In a departure from Dykema’s 2020 M&A Outlook Survey, most respondents believe the implementation of Biden’s policies — including his proposed infrastructure bill, immigration reform, renewable energy targets and increased deficit spending on economic stimulus — will have a positive impact on the U.S. M&A market in 2022.

Respondents do not believe issues such as heightened antitrust scrutiny and corporate tax increases, generally considered hostile to the M&A market, can slow down the U.S. M&A market in the next year, likely due to gridlock in Congress making those reforms unlikely to pass anytime soon, Vaughn said.

The survey yielded several additional findings:

  • Sixty-five percent of respondents said they were more likely to be involved in joint ventures — the biggest increase over 2020 (14%) out of the three deal types surveyed (acquisition, sale, joint venture) — though all categories saw reasonable gains.
  • Respondents embraced an increase in the Securities and Exchange Commission’s scrutiny of special purpose acquisition company (SPAC) initial public offerings (IPOs) in the near term (58%) and long term (67%) and expect the SPAC boom to continue.
  • Most respondents (55%) have worked on a deal in which the target company or buyer was screened for environmental, social and governance (ESG) risk within the past 12 months, while three-quarters of respondents expect to work on a deal that includes screening for ESG risk over the next 12 months.
  • Technology and health care, both prominent economic players in 2020, dropped down to fourth and fifth places when asked what sectors were expected to be the most active in the next year, while energy soared from eighth to second place. For the fourth year in a row, the automotive industry topped the list.

Vaughn said Dykema, being Michigan-based with an office in Grand Rapids, segments the data from respondents based in the region to see if there are any appreciable differences in the M&A outlook for Michigan vs. the national outlook, but this time around, nothing stood out.

If anything, he said, Michigan is benefiting from the ongoing top position of the automotive industry when it comes to M&A activity, as well as the surge of deals in the energy sector — including solar, where tax credits are available for companies focused on renewable energy — and electric vehicles (EV), as the state’s major automakers race to compete in the EV space.

“That is going to transform the industry, and the large companies are going to need to do acquisitions of companies that are particularly focused in on the EV world,” Vaughn said.

For companies looking to do M&A in 2022, Vaughn said his advice is to start early.

“There is going to be a lot of overflow from the deals that did not get done (in 2021) into (2022).

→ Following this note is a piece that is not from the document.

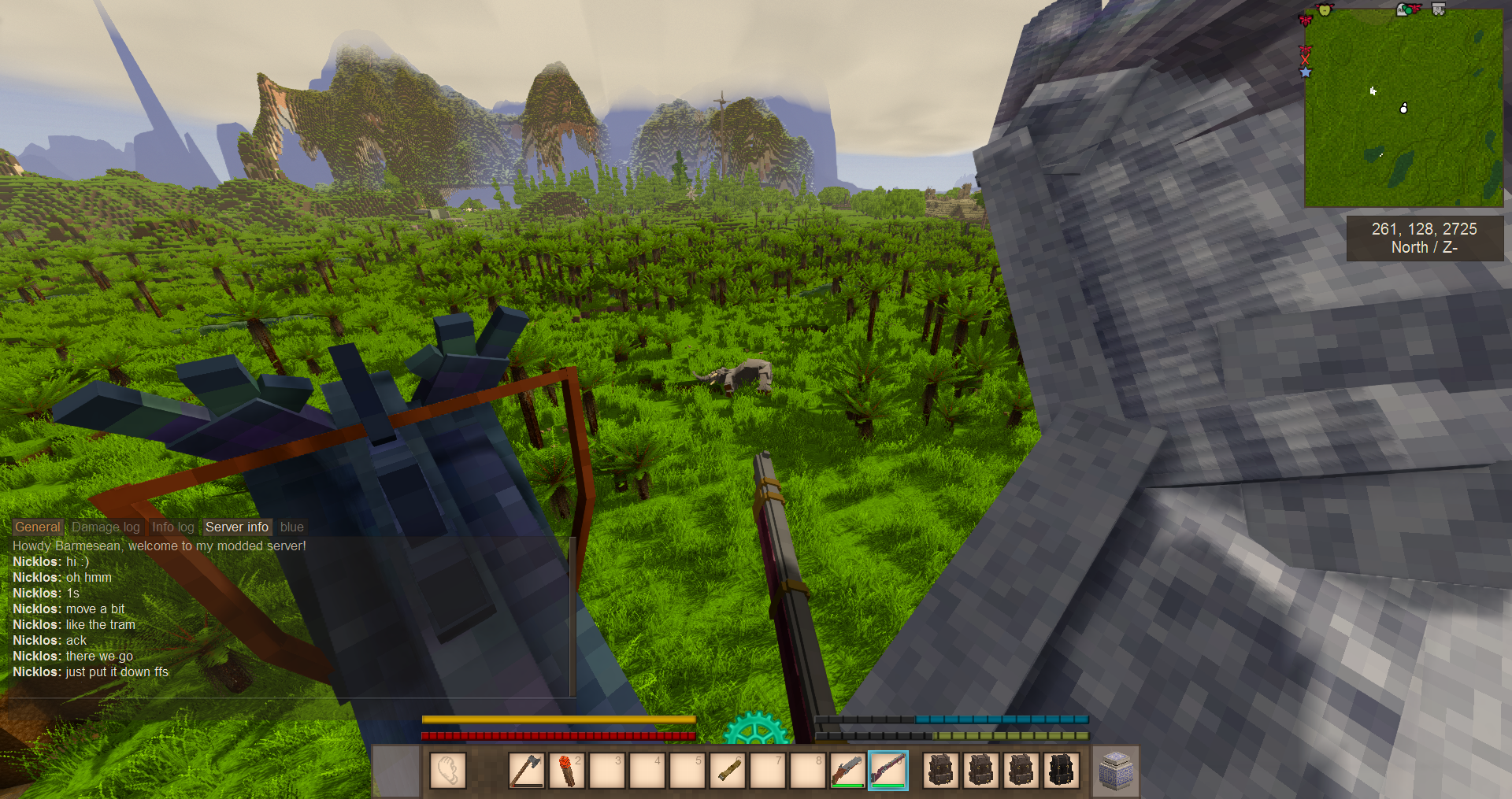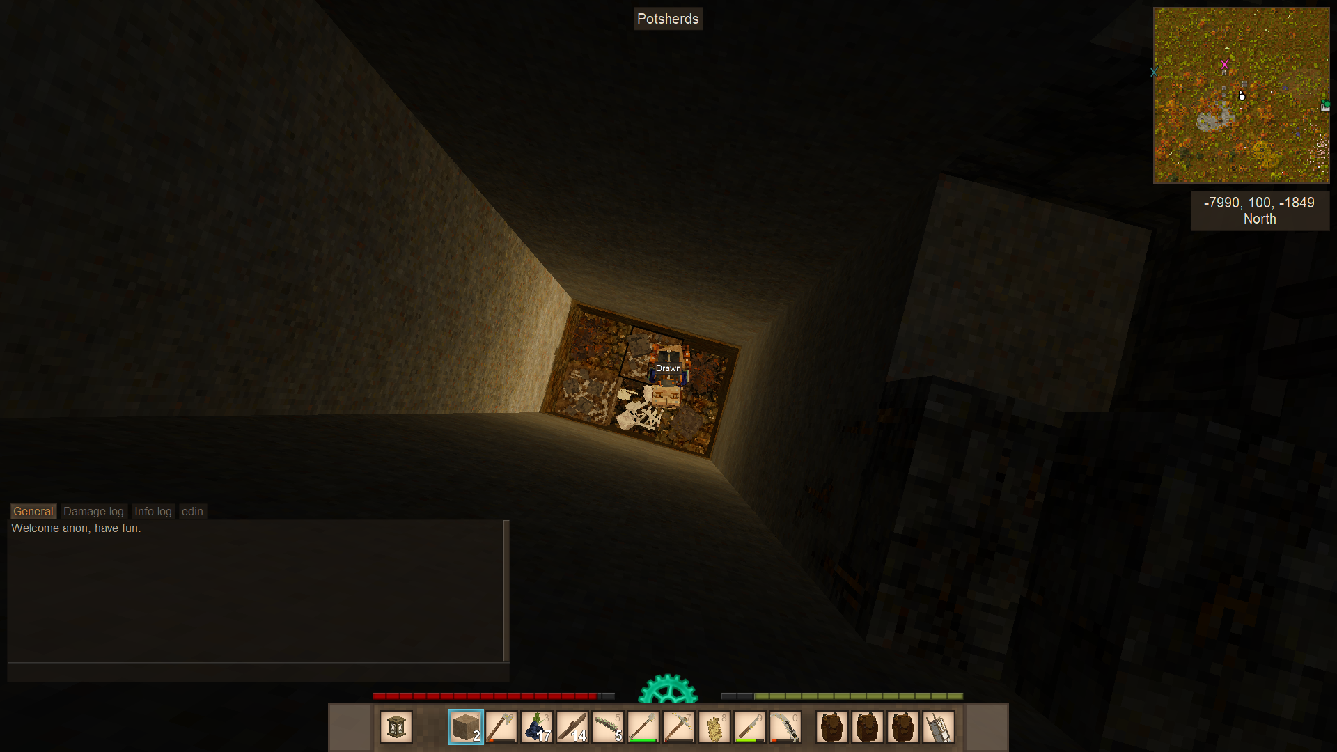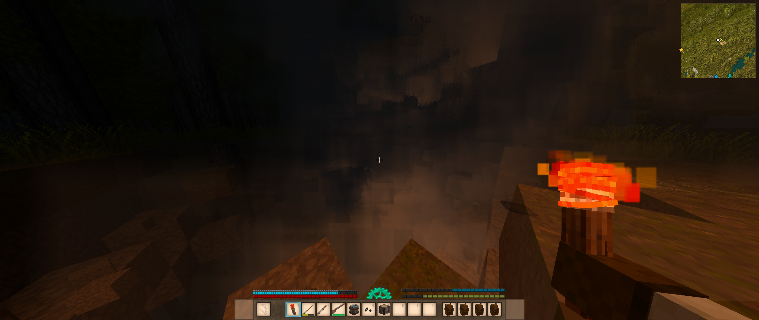 >>2080131>meet Dave>found the iron ore (highly unstable area)>made few iron tools (pain in the ass)>raided a cave, found like 8 pieces of saltpeter, ruins and meet a bell, ran away>raided an another cave, found a teleporter and killed a sawblade locust, further exploration needed, the hole is pretty damn deepSaid teleporter moves me by 6 thousand blocks, damn.

I already have a couple deals that I’ve pushed into (this) year, and as a result, I think 2022 is going to be very busy,” he said. “You don’t want to be in the position (of waiting to sell until) next fall. You want to do it sooner so that you can make sure that your deal gets enough attention.”

The best thing sellers and buyers alike can do, he said, is to be well prepared — financially, organizationally and legally — to start the deal process before it begins.

“You want to have all of your ducks in a row so that when you hit the street and you hit the investment banking process, things can move very quickly, and you can garner the highest valuations,” he said.

Dykema’s full 2022 M&A Outlook Survey Report is available at bit.ly/dykemaMAoutlook.